Melanie Manchot: Tracer
Great North Run Culture at Baltic 39
14 September - 4 October 2013
Review by Michael Mulvihill
The Great North Run is a half marathon that has been run for over 30 years from Newcastle to South Shields on the North Sea coast. It’s a grand event, drawing people in their thousands to cheer and support the 70,000 or more runners in various states of fitness, who pound their way along the 13.5 mile course. To celebrate the race’s 25th anniversary in 2005, Great North Run Culture was established with the aim of building connections between the arts and sports by commissioning artists such as Douglas Gordon and Mark Wallinger to respond to the event.
Melanie Manchot’s ‘Tracer’ (2013) is one of the latest commissions, and is installed in the form of three video displays. The work depicts a number of traceurs (parkour or free runners), as they seek an acrobatic route through the deserted urban landscape along the course of the Great North Run. Manchot celebrates the youth of the traceurs who, by their spectacular gymnastics and daring, take ownership of urban and municipal spaces. The image of traceur Andrew Vasey performing a handstand on Norman Foster’s Sage building in Gateshead has captured headlines, and for me the video projection of a free-runner finding a daredevil path over the rotating Newcastle Swing Bridge is no less of an arresting example of the traceur‘s grace and timing. However as the audience of this work, and others in the Great North Run Culture programme, the sense of desolation and remoteness in the films seems contradictory to my own experience of the run itself.

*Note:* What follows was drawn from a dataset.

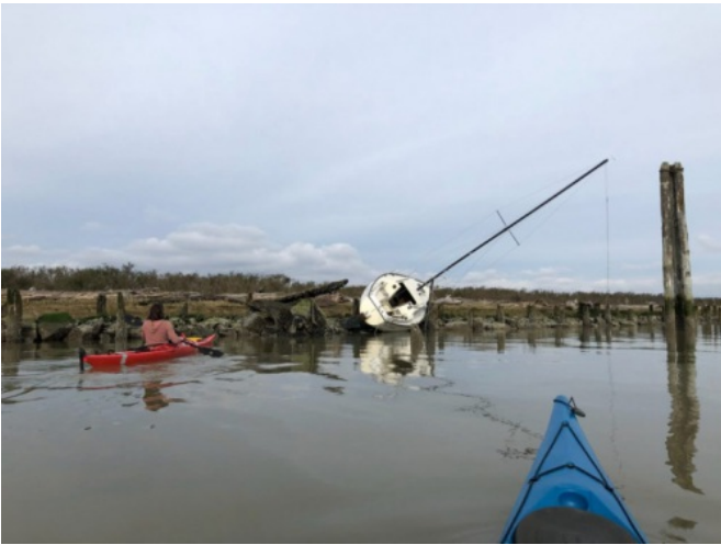
Derelict boat on Jetty Island

I have run the race several times, and it always impresses upon me the uncanny experience of being one of a moving mass of human beings, physically forcing themselves towards the finish. There are moments where the run is literally like a battlefield, with the sick and injured being treated in emergency cardiac units three miles before the finish line, while the Red Arrows roar victory overhead. This visceral sense of thronging human movement, which also includes running through vomit and witnessing lots of public urination, contrasts with the politeness and remoteness of many of the pieces in the Great North Run Culture programme. The artists intervene in the comfort zones of architecture or landscape, removed in time and space from the blood, sweat and tears - the human phenomenon - of the race.